YOUR ASSIGNMENT ->
Quote exactly the lines from the one with "The image shows" to the end of the data, both included; omit the pictures.

BEGIN DATA SUPPLIED

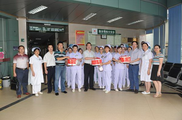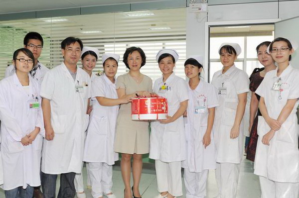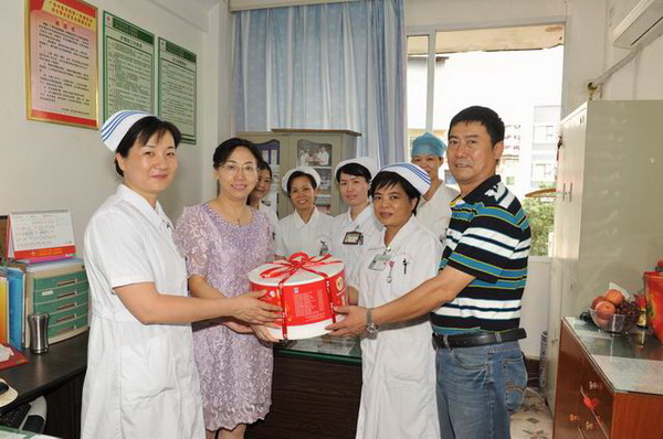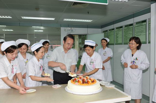 五月的大地夏韵流淌,五月的阳光温暖和煦,一年一度的“5·12”国际护士节如期而至。5月10日上午,一附院院长黄贵华,党委书记李敏智,党委副书记、纪委书记、副院长吴西西,副院长卢健棋、周建国带领各职能科室主任一行十余人前往各科室,慰问正在临床一线辛勤工作着的护士,为大家送上节日蛋糕,送上节日的问候和祝福。院领导亲自切开蛋糕,与护士们一同分享节日的快乐。院领导高度评价了全院护士在践行“悲悯为怀、精益求精”的院训及优质护理服务工作中做出的积极贡献,勉励大家继承和发扬南丁格尔救死扶伤、关爱生命、无私奉献的精神,结合一附院实际情况,突出医院中医护理特色,用真诚和爱心,用热情和关怀,为患者提供贴心服务。院领导的慰问让全院护理人员倍感温暖,大家纷纷表示决不辜负领导的重托,会加倍努力,更好地履行服务患者、奉献社会的职责,推动优质护理服务工作进一步纵深发展,为患者提供全程、优质的护理服务,达到患者满意、社会满意、政府满意、护士满意、医生满意、医院满意的目标。
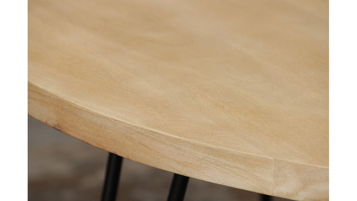 La collection VIBES affirme son côté industriel en mettant en avant le manguier, associé à des pieds en épingle noirs. Bois massif oui, mais son visuel est loin de l'être grâce à la légèreté qu'apporte la finesse de ses pieds. J'ai imaginé ces meubles avec des proportions adaptées aux petits espaces, tout en restant très fonctionnels.
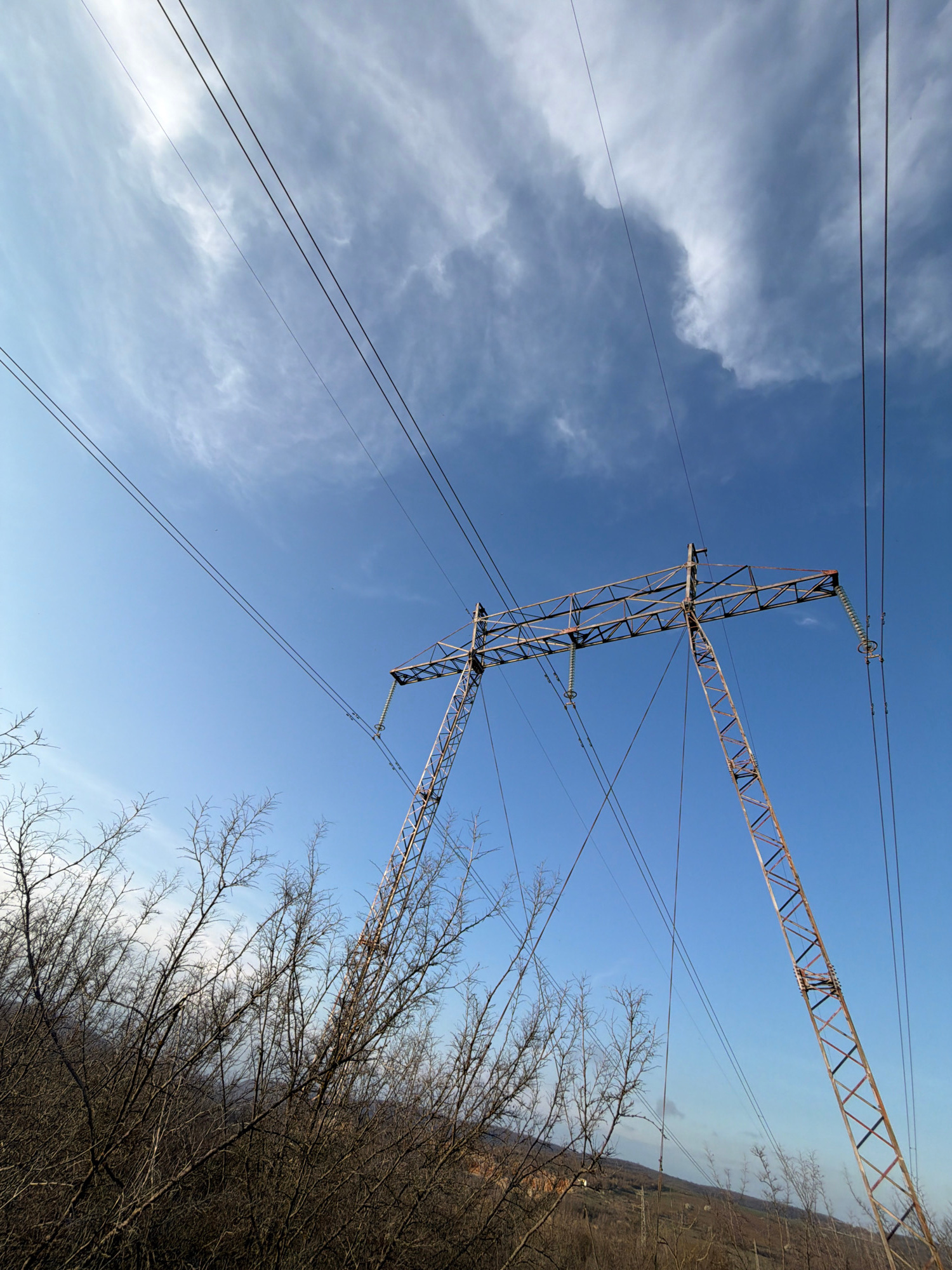 The image shows a low-angle view of a metal lattice electricity pylon against a backdrop of a light blue sky with scattered clouds. Several high-voltage power lines stretch across the frame. To the ri…read more
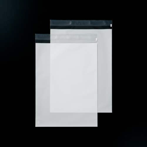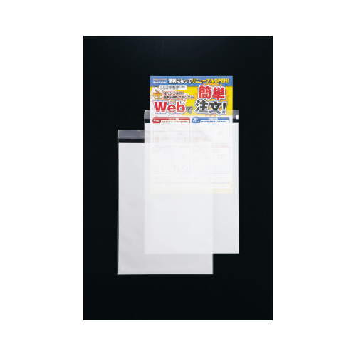 表紙が白、裏面が透明のテープ付きフィルム封筒。
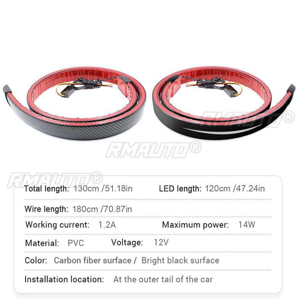 สปอยเลอร์ LED 1.2 เมตร แบบไม่ต้องเจาะ สำหรับติดตั้งท้ายรถยนต์ สปอยเลอร์หลังคาท้ายรถยนต์อเนกประสงค์ อะไหล่ตกแต่งภายนอกรถยนต์ พร้อมไฟเลี้ยวและไฟเบรก
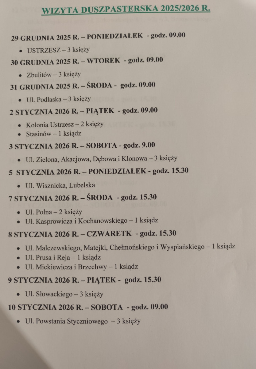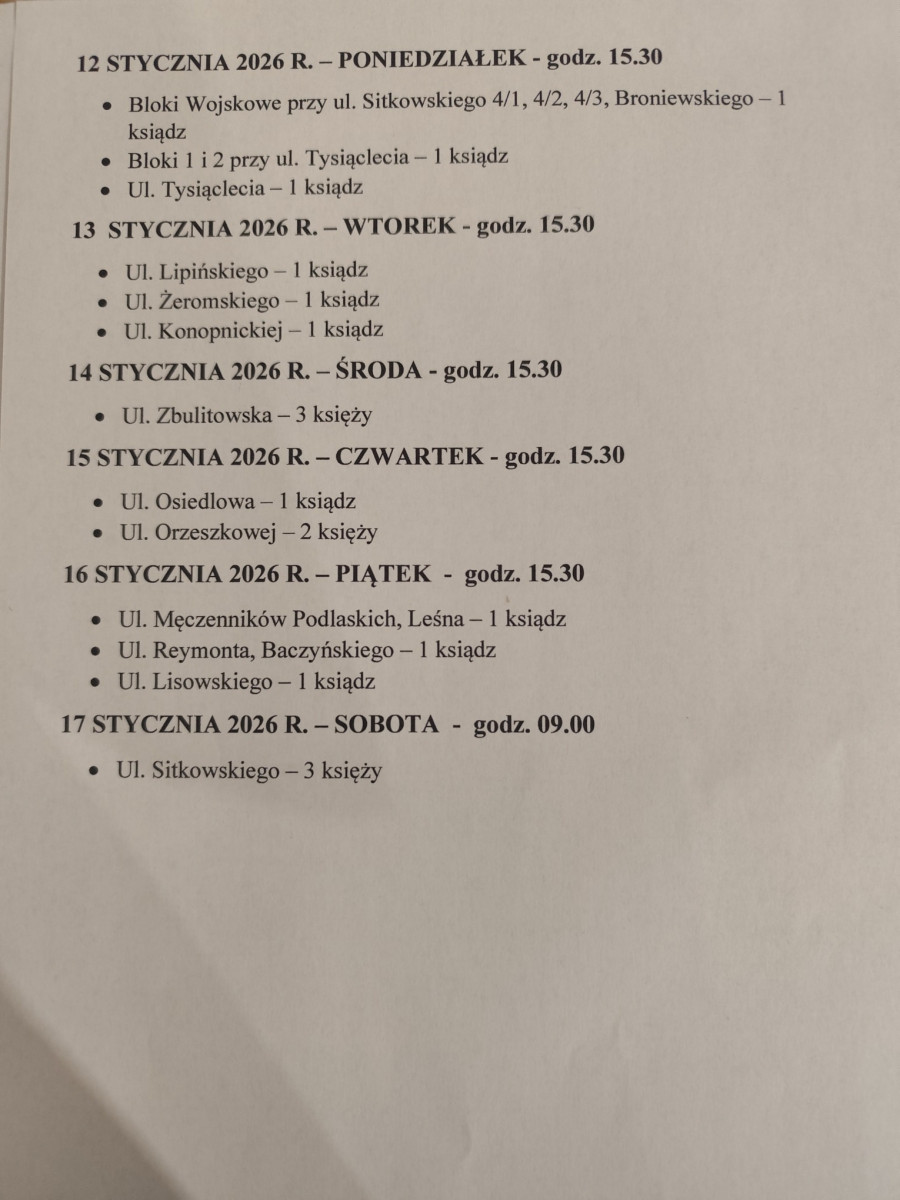 Zamieszczamy harmonogram wizyt duszpasterskich w parafii p. w. św. Anny w Radzyniu Podlaskim do 17 stycznia.

END DATA SUPPLIED

WRITTEN RESPONSE ->
 The image shows a low-angle view of a metal lattice electricity pylon against a backdrop of a light blue sky with scattered clouds. Several high-voltage power lines stretch across the frame. To the ri…read more
 表紙が白、裏面が透明のテープ付きフィルム封筒。
 สปอยเลอร์ LED 1.2 เมตร แบบไม่ต้องเจาะ สำหรับติดตั้งท้ายรถยนต์ สปอยเลอร์หลังคาท้ายรถยนต์อเนกประสงค์ อะไหล่ตกแต่งภายนอกรถยนต์ พร้อมไฟเลี้ยวและไฟเบรก
 Zamieszczamy harmonogram wizyt duszpasterskich w parafii p. w. św. Anny w Radzyniu Podlaskim do 17 stycznia.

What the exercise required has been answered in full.